### Activity
Write out each line of the material exactly as given, and drop the images.
=-=-=
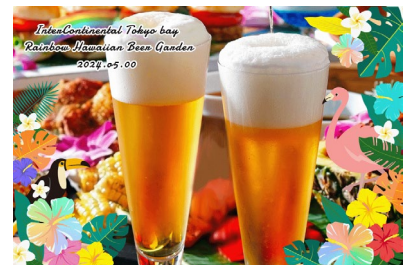
「palanAR(パラナル)」を使ったフォトフレーム(イメージ)
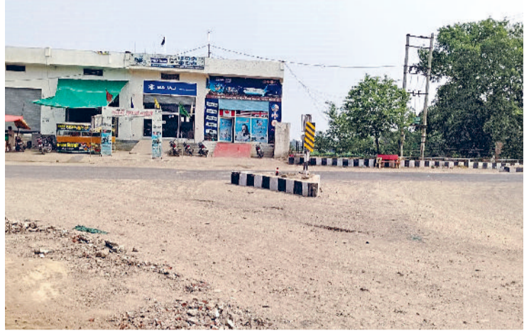
जाखल। कडैल तिराहा, जिसका विभाग कार्यालय करेगा, चंडीगढ़-बुढ़लाडा मार्ग पर बने गड़े।

हरियाणा-पंजाब को जोड़ने वाले जाखल शहर के बीच से विभिन्न शहरों की ओर आवागमन के लिए सफर करने वाले लोगों के लिए एक राहत की खबर है। जाखल शहर के बीच में से गुजरते अति व्यस्त चंडीगढ़-बुढ़लाडा रोड के शहर के अंदर के मार्ग के जल्द ही दिन फिरने वाले हैं। संबंधित अधिकारियों की मानें तो जुलाई के पहले सप्ताह में ही इसका कार्य प्रारंभ हो जाएगा। ऐसे में इसी वर्ष इसका कार्य मुकम्मल होने से वाहन चालकों को वर्ष के अंत तक जाखल शहर में लगने वाले जाम से राहत मिलने लगेगी। बता दें कि लोक निर्माण विभाग द्वारा 60 करोड़ रुपए से निविदा जारी कर सुरेवाला चौक से टोहाना के हरियाणा-पंजाब के बॉर्डर पर निर्माण किए जा रहे 30.14 किमी
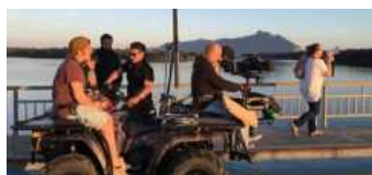
Swatch, girato a Sabaudia l'ultimo spot della casa di orologi

La tua Azienda su LunaNotizie.it e su Radio Luna? Chiama il 335 620 4691
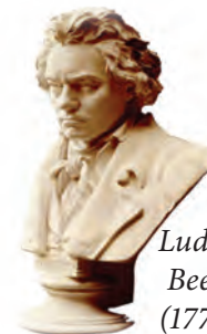
Ludwig van Beethoven (1770-1827)

În anumite cercuri sociale, petrecerea timpului liber presupunea cunoașterea unor dansuri.
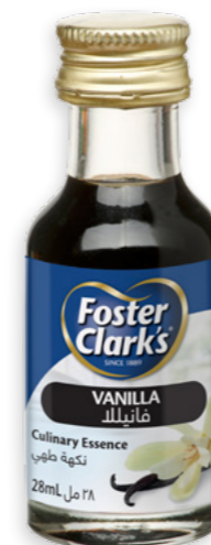
Essència de vainilla Ref.0122 - 12 x 28ml
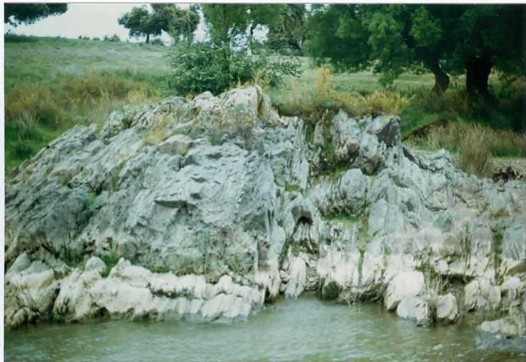
FOTO 5.- DOMINIO DE ARROYOMOLINOS. UNIDAD DE CUMBRES. Tobas y lavas de la serie volcano-sedimentaria (Cámbrico Medio-Superior).
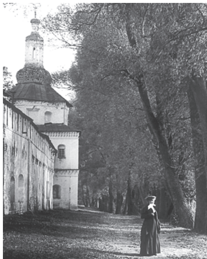
У стен обители. Фото Александра Бренинга, 1912 год.
=-=-=
### Output for this exercise
「palanAR(パラナル)」を使ったフォトフレーム(イメージ)
जाखल। कडैल तिराहा, जिसका विभाग कार्यालय करेगा, चंडीगढ़-बुढ़लाडा मार्ग पर बने गड़े।

हरियाणा-पंजाब को जोड़ने वाले जाखल शहर के बीच से विभिन्न शहरों की ओर आवागमन के लिए सफर करने वाले लोगों के लिए एक राहत की खबर है। जाखल शहर के बीच में से गुजरते अति व्यस्त चंडीगढ़-बुढ़लाडा रोड के शहर के अंदर के मार्ग के जल्द ही दिन फिरने वाले हैं। संबंधित अधिकारियों की मानें तो जुलाई के पहले सप्ताह में ही इसका कार्य प्रारंभ हो जाएगा। ऐसे में इसी वर्ष इसका कार्य मुकम्मल होने से वाहन चालकों को वर्ष के अंत तक जाखल शहर में लगने वाले जाम से राहत मिलने लगेगी। बता दें कि लोक निर्माण विभाग द्वारा 60 करोड़ रुपए से निविदा जारी कर सुरेवाला चौक से टोहाना के हरियाणा-पंजाब के बॉर्डर पर निर्माण किए जा रहे 30.14 किमी
Swatch, girato a Sabaudia l'ultimo spot della casa di orologi

La tua Azienda su LunaNotizie.it e su Radio Luna? Chiama il 335 620 4691
Ludwig van Beethoven (1770-1827)

În anumite cercuri sociale, petrecerea timpului liber presupunea cunoașterea unor dansuri.
Essència de vainilla Ref.0122 - 12 x 28ml
FOTO 5.- DOMINIO DE ARROYOMOLINOS. UNIDAD DE CUMBRES. Tobas y lavas de la serie volcano-sedimentaria (Cámbrico Medio-Superior).
У стен обители. Фото Александра Бренинга, 1912 год.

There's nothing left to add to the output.